About this task: Apart from the images, repeat the data below exactly as written.

Material for this task:
========================================================================

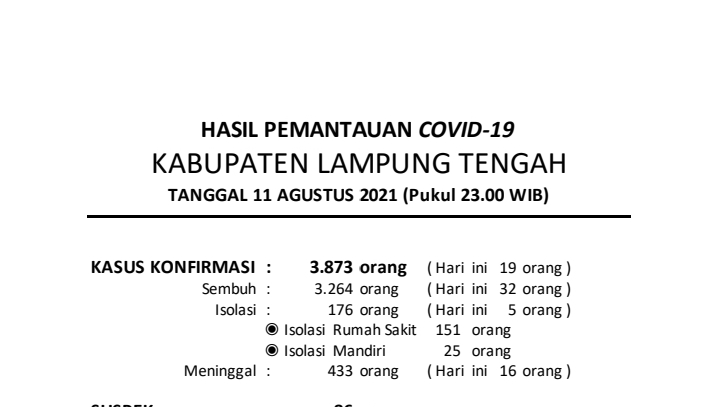 Download dokumen : HASIL PEMANTAUAN COVID-19 KABUPATEN LAMPUNG TENGAH : Tanggal 11 Agustus 2021 Pukul 23.00 WIB
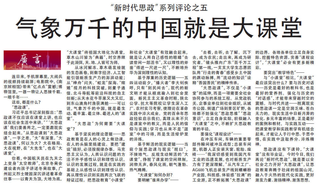 习近平总书记深刻指出:“思政课不仅应该在课堂上讲,也应该在社会生活中来讲。”“‘大思政课’我们要善用之,一定要跟现实结合起来。”从思政课到“大思政课”,一字之差,“大”有深意。“大思政课”,何以为大?大在格局、大在视野,在“大先生”,也在“大课堂”。【全文】
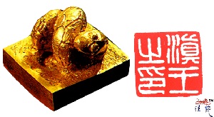 汉 滇王之印金印,方形,蛇钮,昂首盘屈,身有鳞纹。高1.8厘米,重89.5克,边
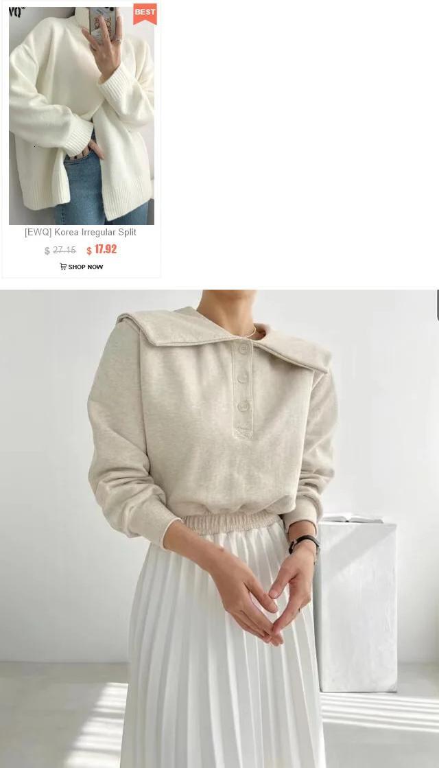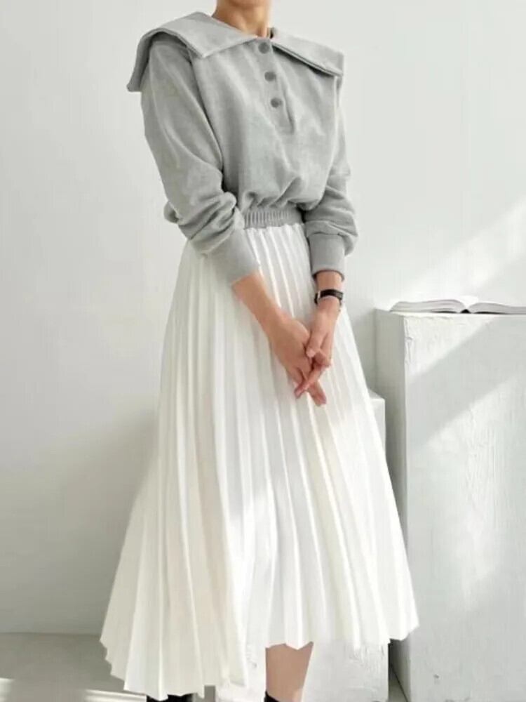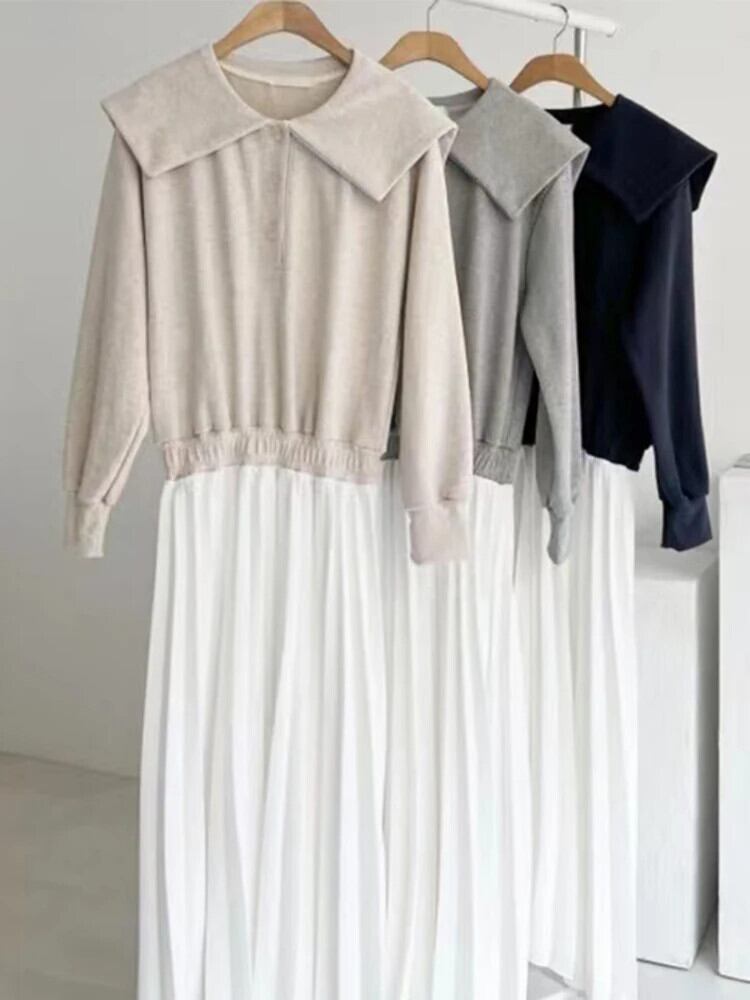 [EWQ] スウェットシャツスプライシングコントラストドレス長袖弾性ウエストプリーツドレス Vestido 秋冬 16U5150 ロング エラスティック 伸縮 オータム 秋物 ウィンター 冬物
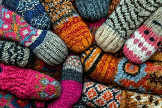 Colorful handmade traditional mittens in the street market in Europe. Original souvenirs from the trip. Travel gift. Crafts for sale. Comfortable style cloth. Riga, Latvia.
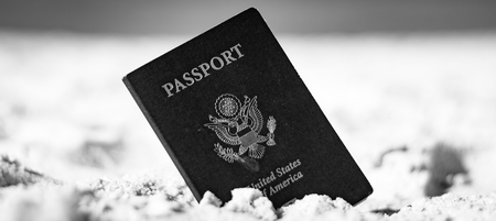 Black and white American passport in sand closeup
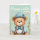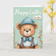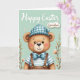 This design shows a plush-like bear centered on a pale mint green background, looking straight ahead with wide eyes, a small upturned smile, and rosy cheeks that suggest a gentle, friendly affection. It wears a blue-and-white striped shirt under brown overalls with tiny golden buttons, and the neat outfit gives it a sweet, ready-to-visit-a-friend look. A blue bow tie sits at the neck, catching a bit of soft light, while a blue-and-white checked cap with a little bobble tilts slightly for extra charm 🐰. On both sides, slim spring sprigs rise like a frame, each dotted with small orange-pink buds and a few scattered star shapes for a light sparkle 🌷. Near the top, a white greeting is placed in flowing lettering, standing out clearly against the mint background. Just beneath that, a short dedication sits inside a soft, cloud-like shape, centered above the bear’s head. The fur texture looks fuzzy and touchable, contrasting with the smoother shine of the bow tie and the crisp lines of the striped shirt.
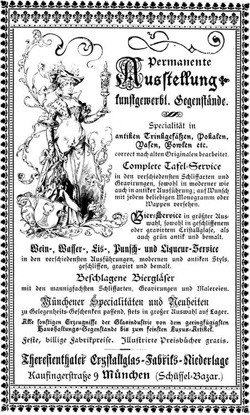 Advertisement from the catalogue of Munich's 3rd International Art Exposition, dated June 1888.

========================================================================

Response to the task:
 Download dokumen : HASIL PEMANTAUAN COVID-19 KABUPATEN LAMPUNG TENGAH : Tanggal 11 Agustus 2021 Pukul 23.00 WIB
 习近平总书记深刻指出:“思政课不仅应该在课堂上讲,也应该在社会生活中来讲。”“‘大思政课’我们要善用之,一定要跟现实结合起来。”从思政课到“大思政课”,一字之差,“大”有深意。“大思政课”,何以为大?大在格局、大在视野,在“大先生”,也在“大课堂”。【全文】
 汉 滇王之印金印,方形,蛇钮,昂首盘屈,身有鳞纹。高1.8厘米,重89.5克,边
 [EWQ] スウェットシャツスプライシングコントラストドレス長袖弾性ウエストプリーツドレス Vestido 秋冬 16U5150 ロング エラスティック 伸縮 オータム 秋物 ウィンター 冬物
 Colorful handmade traditional mittens in the street market in Europe. Original souvenirs from the trip. Travel gift. Crafts for sale. Comfortable style cloth. Riga, Latvia.
 Black and white American passport in sand closeup
 This design shows a plush-like bear centered on a pale mint green background, looking straight ahead with wide eyes, a small upturned smile, and rosy cheeks that suggest a gentle, friendly affection. It wears a blue-and-white striped shirt under brown overalls with tiny golden buttons, and the neat outfit gives it a sweet, ready-to-visit-a-friend look. A blue bow tie sits at the neck, catching a bit of soft light, while a blue-and-white checked cap with a little bobble tilts slightly for extra charm 🐰. On both sides, slim spring sprigs rise like a frame, each dotted with small orange-pink buds and a few scattered star shapes for a light sparkle 🌷. Near the top, a white greeting is placed in flowing lettering, standing out clearly against the mint background. Just beneath that, a short dedication sits inside a soft, cloud-like shape, centered above the bear’s head. The fur texture looks fuzzy and touchable, contrasting with the smoother shine of the bow tie and the crisp lines of the striped shirt.
 Advertisement from the catalogue of Munich's 3rd International Art Exposition, dated June 1888.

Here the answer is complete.